The latest wave of attacks uses phishing emails containing contract-related lures to spread RAR archive files that contain a legitimate executable and a malicious DLL file, which is then executed by the former using a DLL side-loading technique.
This library is responsible for downloading and executing DSDownloader, which then opens a decoy file to provide a distraction while covertly downloading the next stage of malware from a remote server. According to FACCT, at the time of analysis the payload was no longer available for download.

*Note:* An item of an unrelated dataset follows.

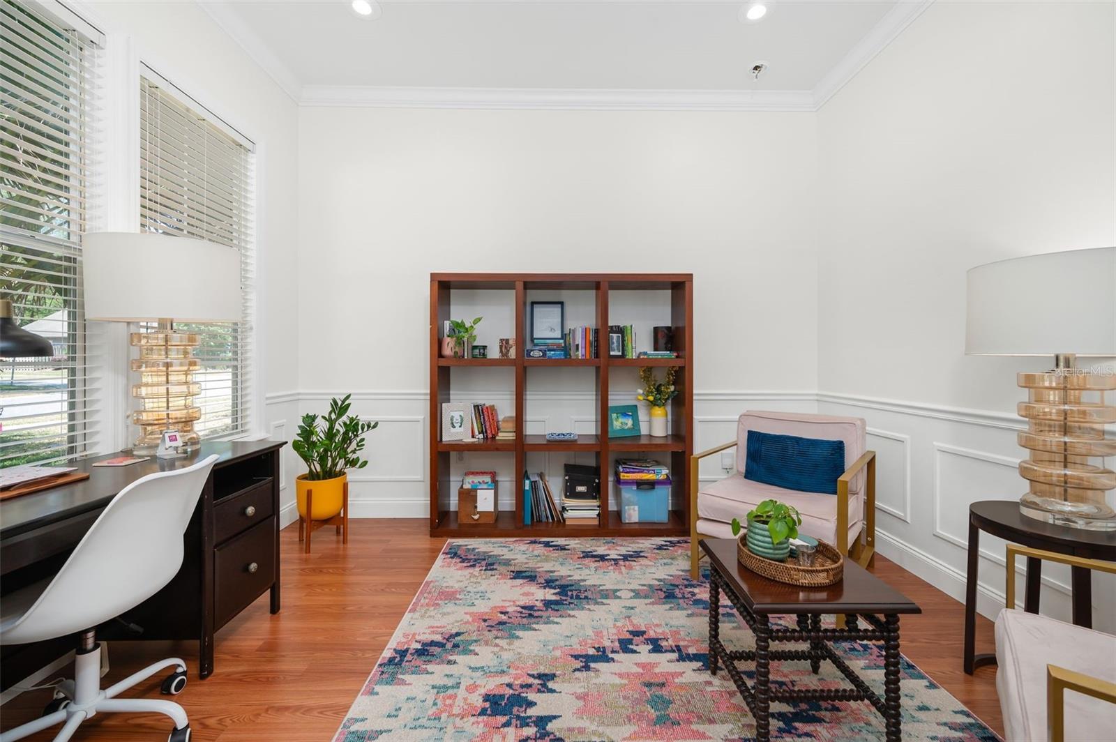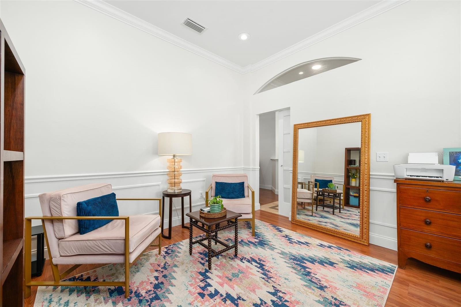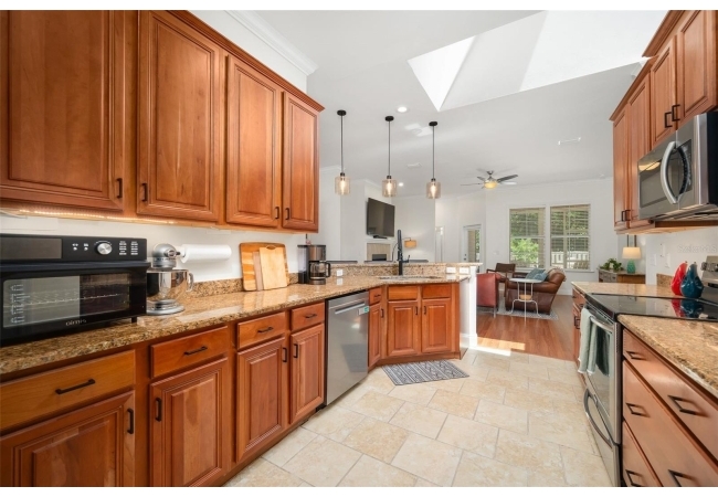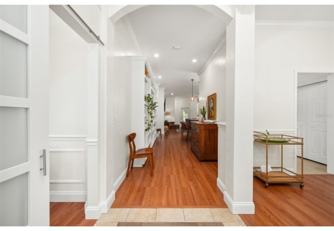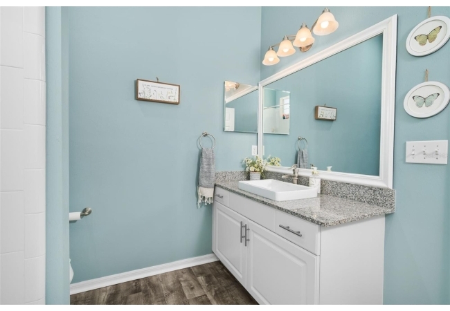Built with energy efficiency in mind, this 4BR/3BA home offers a 3-way split floor plan—ideal for a potential in-law or private guest space—and boasts 2,351 sq ft. You'll feel the welcoming layout the minute you walk into the foyer, passing the bonus office space and formal dining as you moving into your living room. The grand kitchen overlooks the living space offering stainless steel appliances, granite countertops and beautiful cabinetry. The primary suite offers great space, as well as a spa-like bath with dual vanities, jetted tub, and multi-mode shower. Additional features include 10’ ceilings, gas fireplace, updated flooring, skylight, 2-car garage, and ample attic storage. Stepping out into your screened lanai, you will enjoy a beautifully added deck area, fully fenced yard with fruit trees, a nice raised garden, and irrigation system.

The outbreak of the Russia-Ukraine war in 2022 has led to a significant increase in cyber attacks on both sides, with Russian companies being compromised in recent months by the DarkWatchman RAT as well as activity clusters tracked as Core Werewolf, Hellhounds, PhantomCore, Rare Wolf, ReaverBits, Sticky Werewolf, and others.
Additionally, pro-Ukrainian hacktivist groups such as Cyber.Anarchy.Squad have also targeted Russian organizations, conducting hacking and exfiltration operations and destructive attacks against Infotel and Avanpost.
The development comes after Ukraine’s Computer Emergency Response Team (CERT-UA) warned of a surge in phishing attacks by Belarusian threat actor UAC-0057 (aka GhostWriter and UNC1151), who is distributing a malware family called PicassoLoader aimed at dropping Cobalt Strike Beacon on infected hosts.
It also follows the discovery of a new attack campaign by the Russia-linked Turla group, which is using malicious Windows shortcut (LNK) files as a vector to deliver a fileless backdoor capable of disabling security features by executing PowerShell scripts received from a legitimate but compromised server.
“It also weakens system defenses by using memory patches, bypassing AMSI, disabling system event logging, etc. to strengthen its evasion capabilities,” G DATA researchers said. “It also implements an AWL (Application Whitelist) bypass by leveraging Microsoft’s msbuild.exe to avoid detection.”